No. 14 – Tennessee Titans
- Position: Wide receiver
- Roster status: Active

Personal information
- Born: January 19, 2005 (age 21) Chicago, Illinois, U.S.
- Listed height: 6 ft 2 in (1.88 m)
- Listed weight: 192 lb (87 kg)

Career information
- High school: IMG Academy (Bradenton, Florida)
- College: Ohio State (2023–2025)
- NFL draft: 2026: 1st round, 4th overall pick

Career history
- Tennessee Titans (2026–present);

Awards and highlights
- CFP national champion (2024); Second-team All-American (2025); First-team All-Big Ten (2025);

Career NFL statistics as of Week 2, 2026
- Receptions: 7
- Receiving yards: 65
- Stats at Pro Football Reference

= Carnell Tate =

American football player (born 2005)

Carnell Tate (born January 19, 2005) is an American professional football wide receiver for the Tennessee Titans of the National Football League (NFL).

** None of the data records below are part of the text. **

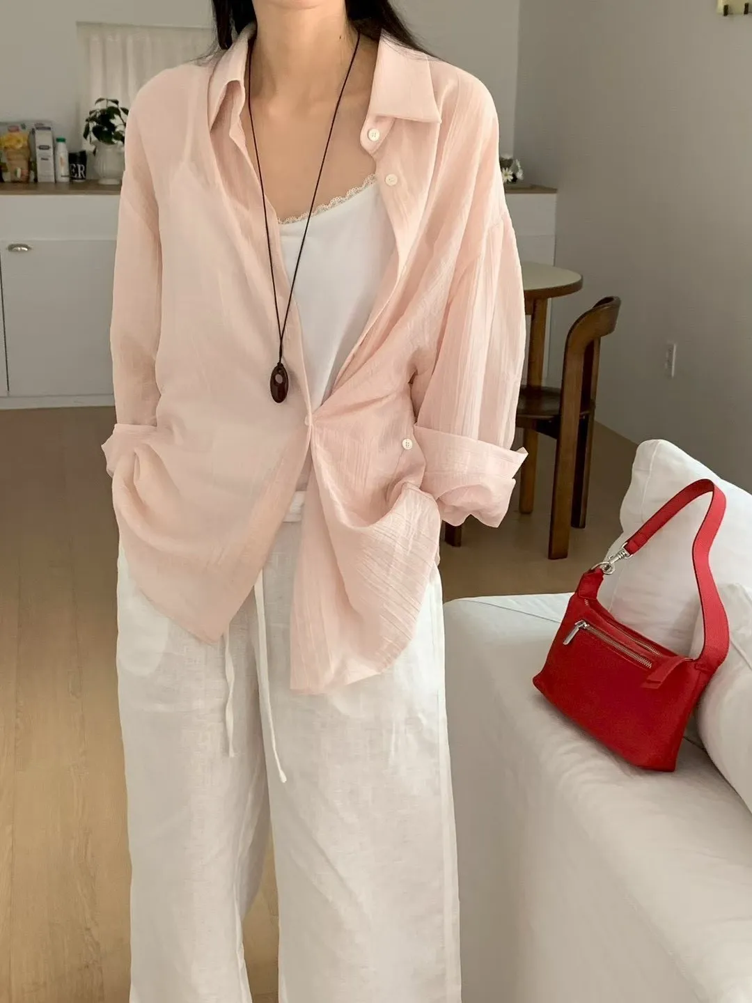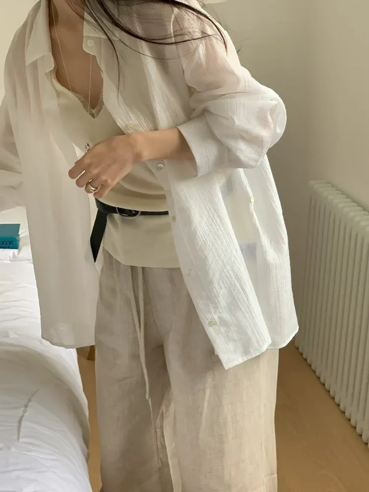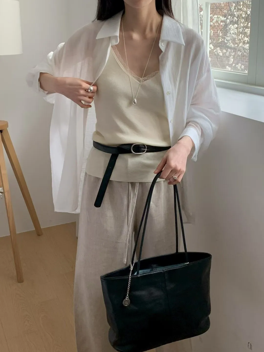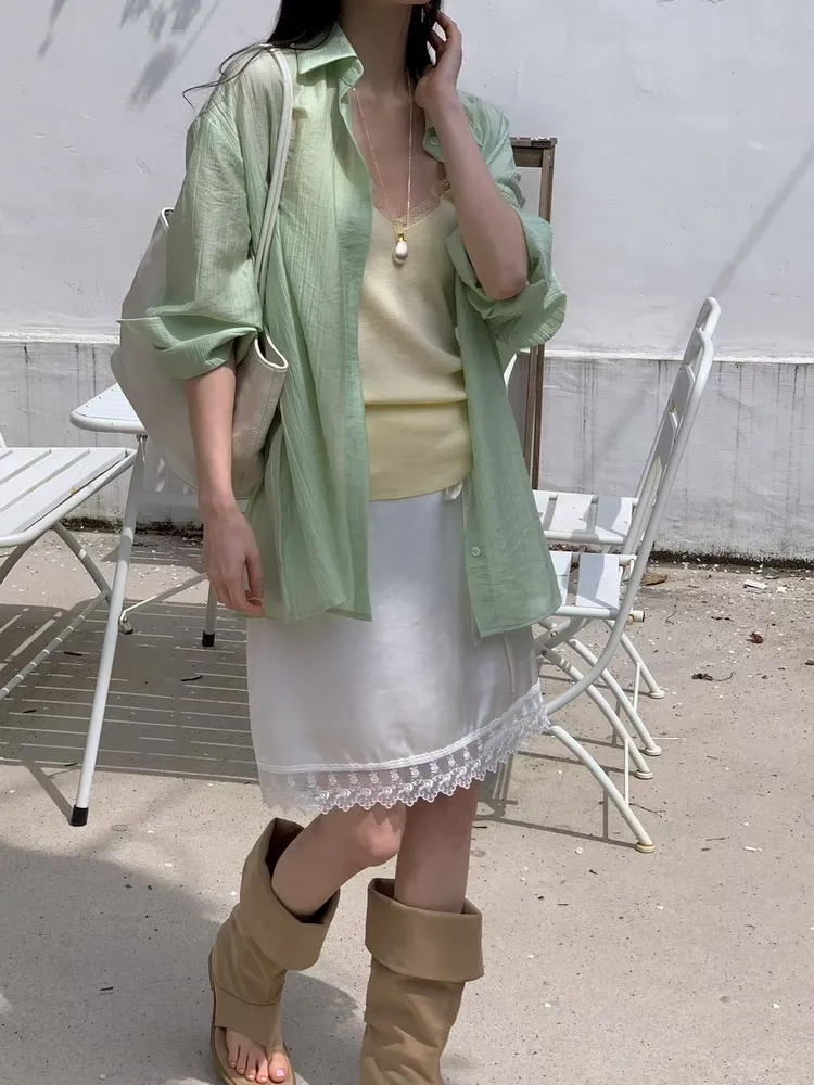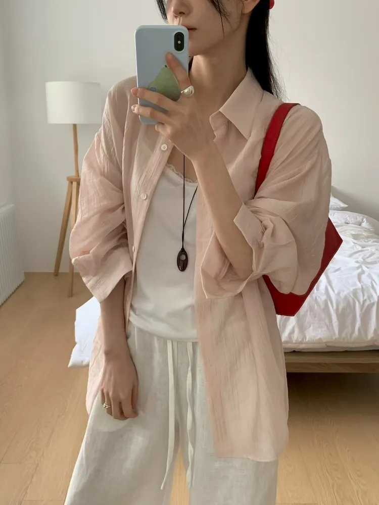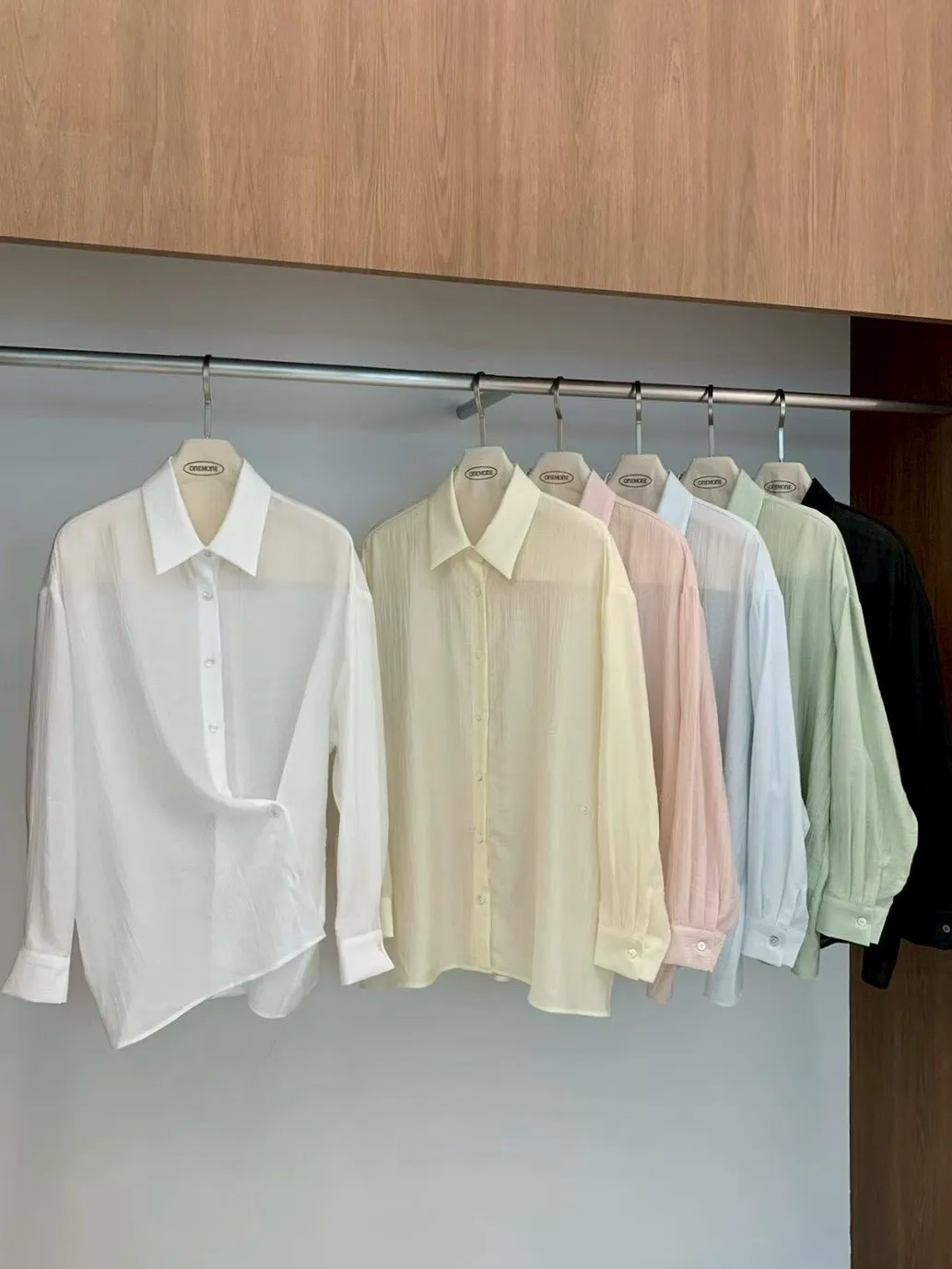 顏色:白色 / 黃色 / 粉色 / 藍色 / 綠色 / 黑色 尺寸:Free Size 這件很適合夏天穿☁️ 不只可以單穿也可以當外罩 用很輕的材質 做出剛好的層次 天絲本身的柔滑感 穿起來自然垂墜 帶一點透感 讓整體更有空氣感 同時也有基本的防曬效果🕶️✨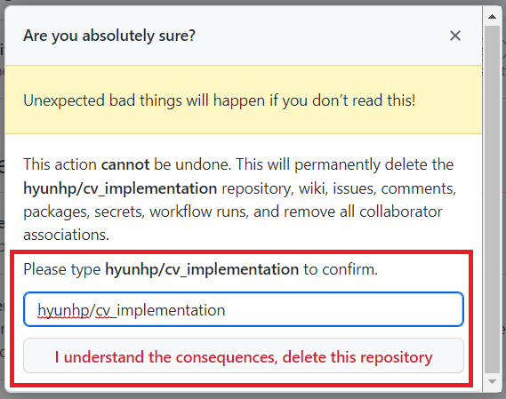 굵게 처리된 레포지토리의 파일 위치를 작성하게 되면, 성공적으로 레포지토리를 삭제할 수 있습니다.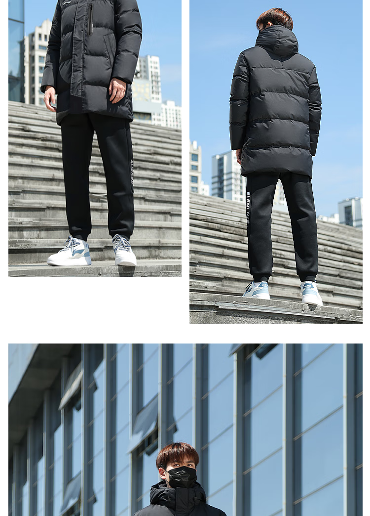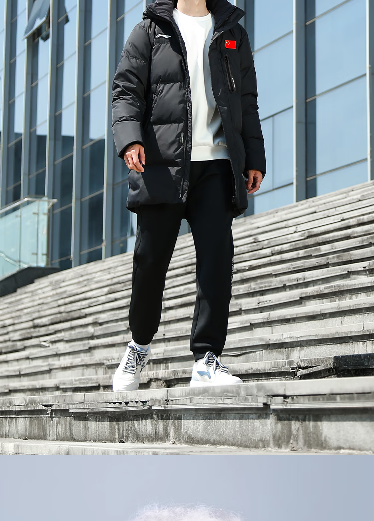 Li Ning Daunenjacke für Herren, mittellang, für den Winter, mit Kapuze, winddichte Technologie, verdickte Sport-Entendaunen, warme, lockere Freizeitjacke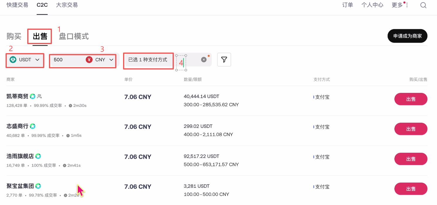 在上方我们选择“C2C”,也就是个人对个人交易。下方选择【购买】,要购买的币种是USDT。然后你可以在这里面去筛选一下要购买的金额,后面的CNY就是人民币的意思。比如说我们想要购买500人民币的USDT就输入500。然后选择 一下支付方式,分别有银行卡、支付宝还有微信支付,你习惯使用哪种方式支付就使用哪种方式支付。比如说我习惯使用支付宝,我就勾选“支付宝”。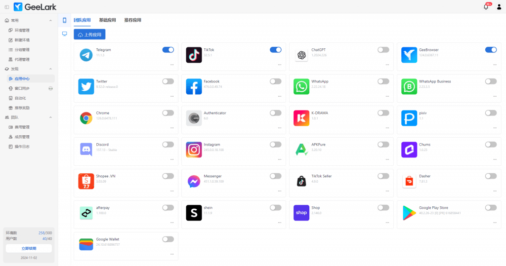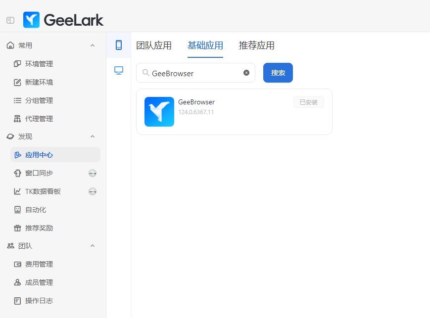 版本更新后,GeeLark不會(huì)自動(dòng)安裝TikTok應(yīng)用,你需要先到「應(yīng)用中心」的「基礎(chǔ)應(yīng)用」中搜索TikTok并選擇安裝,再在團(tuán)隊(duì)?wèi)?yīng)用中點(diǎn)擊安裝,TikTok就會(huì)安裝在所有云手機(jī)上啦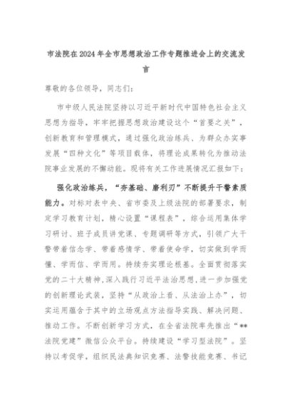 【七哥公文】2024年:市法院在2024年全市思想政治工作专题推进会上的交流发言+更多免费公文+VX:QiGeGongWen2024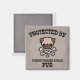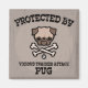 Niedlicher, knackiger kleiner Mops und Kreuzknochen mit "Geschützt durch - bösartig trainierter Angriff Mops" Schrift. Leicht erschütterte Grafik, auf T - Shirt, Hoodies, Karten, Geschenke.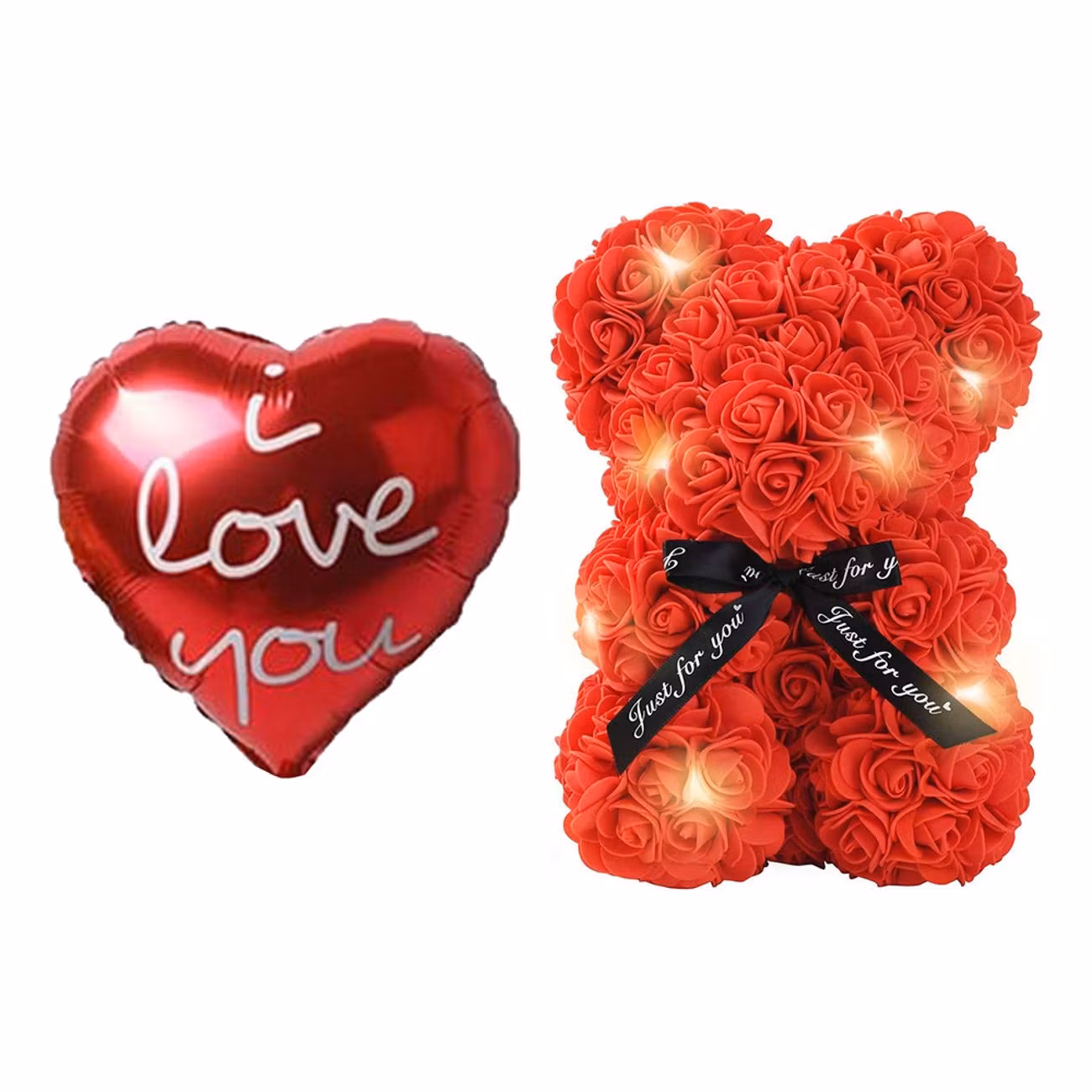 Rosbjörn LED Presentkit är en vacker liten kärleksbjörn som kommer dekorerad med röda rosor, samt ett svart sidenband knutet som en rosett runt halsen med texten: "Just for you". Kärleksnallen är inlindad i en LED-slinga (batterier medföljer ej) och leveras i en superfin presentlåda. Medföljer gör även en gullig liten hjärtballong med texten "I love you".

Tate played college football for the Ohio State Buckeyes, winning the 2024 national championship before being selected fourth overall by the Titans in the 2026 NFL draft.

== Early life ==
Tate was born on January 19, 2005, and grew up in Chicago, Illinois, where he attended Marist High School his freshman and sophomore years. As a freshman, he caught 28 passes for 444 yards and five touchdowns, with his sophomore year being cancelled due to the COVID-19 pandemic. Prior to his junior year in 2021, he transferred to IMG Academy in Bradenton, Florida.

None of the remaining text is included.